We keep bringing up LaBroquerie. I'm okay with that. It sounds like Mudforce has a lot of things under control.

Dates.
Would the July long weekend work for everyone? I can only play for a day or two, probably the Sat and/or Sun. If you want to make it a week long event....have at 'er.

Are there places to tent (oh gawd, I think I'm too old to do that now). Would the hotel have a webpage or can you get a phone number, rates, etc?

Like Mudforce said, it may be a good idea to start getting a real idea of numbers soon.

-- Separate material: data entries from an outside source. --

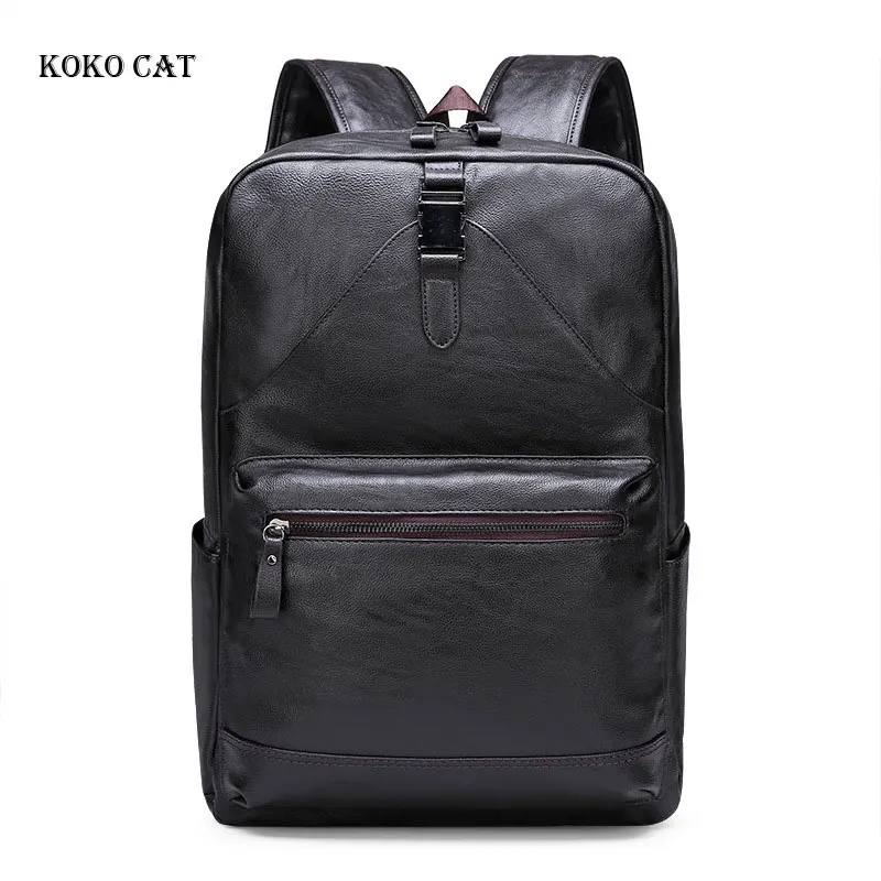 Men pu Leather Backpacks Black School Bags for Teenagers Boys College Bookbag Laptop Backpacks Trav
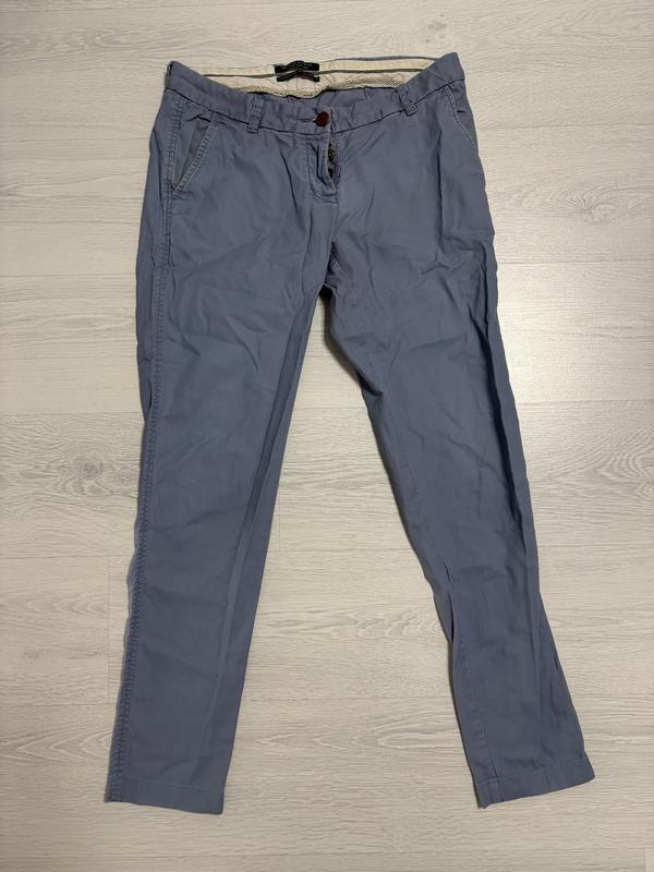 Легенькі бавовняні брюки Стан вживаний, але добрий, трохи затерта тканина біля карманів Розмір 28/32 Довжина 98 Довжина по внутрішньому шву 76 Ширина штанини знизу 15 Ширина у поясі 43 Ширина у стегнах 54
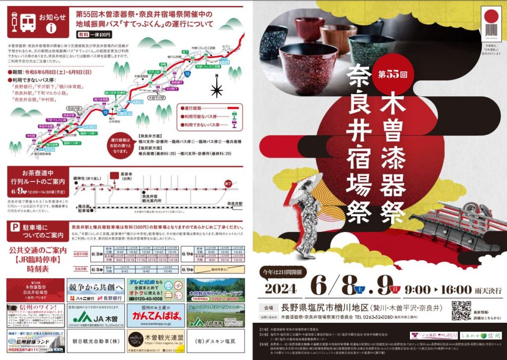 - 6/8(土)-9(日) 木曽漆器祭・奈良井宿場祭@塩尻市(木曽平沢・奈良井宿)
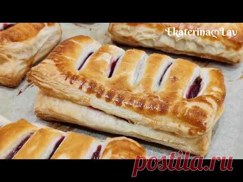 ТАК ВКУСНО И ЛЕГКО! Слойки с вишней! Быстрые пирожки из слоеного теста! Puff pastries with cherries!
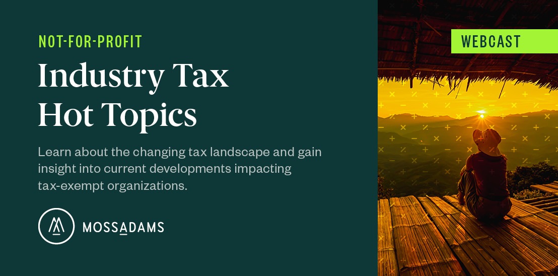 Watch our webcast, Fall 2024 Tax Update for Not-for-Profit Organizations, in which we’ll explore important tax updates from the US Department of the Treasury, Congress, and the IRS regarding implications for tax-exempt organizations and governmental entities.

I'm getting excited again.
D


----------



## mathew_101 (Oct 17, 2010)

i think thats about a 7 hour drive for me but if i can get two good days of quadding that would be awesome. i have nothing planned for my entire year. so anytime works really


----------



## chevzr2 (Nov 25, 2009)

i was looking forward to this but july long will not work for us so we cannot attend unless the dates change. thanks anyway


----------



## chevzr2 (Nov 25, 2009)

oh ya, my profile pic is from one of the trails you will be going down!!! just over the racks last fall!!! mudforce should be able to tell where the pic was taken!! coming out of a bars deep hole!


----------



## Mudforce (Dec 11, 2009)

Yup on the way to the A frame, out by Richer. Fun hole I played in there last spring on a ride we did. To bad you can't make it that weakened. If it is okay with everyone else I will post it on www.trackshare.com and get some more people to come out, kinda get my crew to come with, will make for a great time. But I will only post if it is okay with every one else.


----------



## chevzr2 (Nov 25, 2009)

yup you know it, last fall that trail was water until almost the shelter!


----------



## tyndall (Jul 30, 2010)

Woodridge, hmmm, I don't remember ever riding there... 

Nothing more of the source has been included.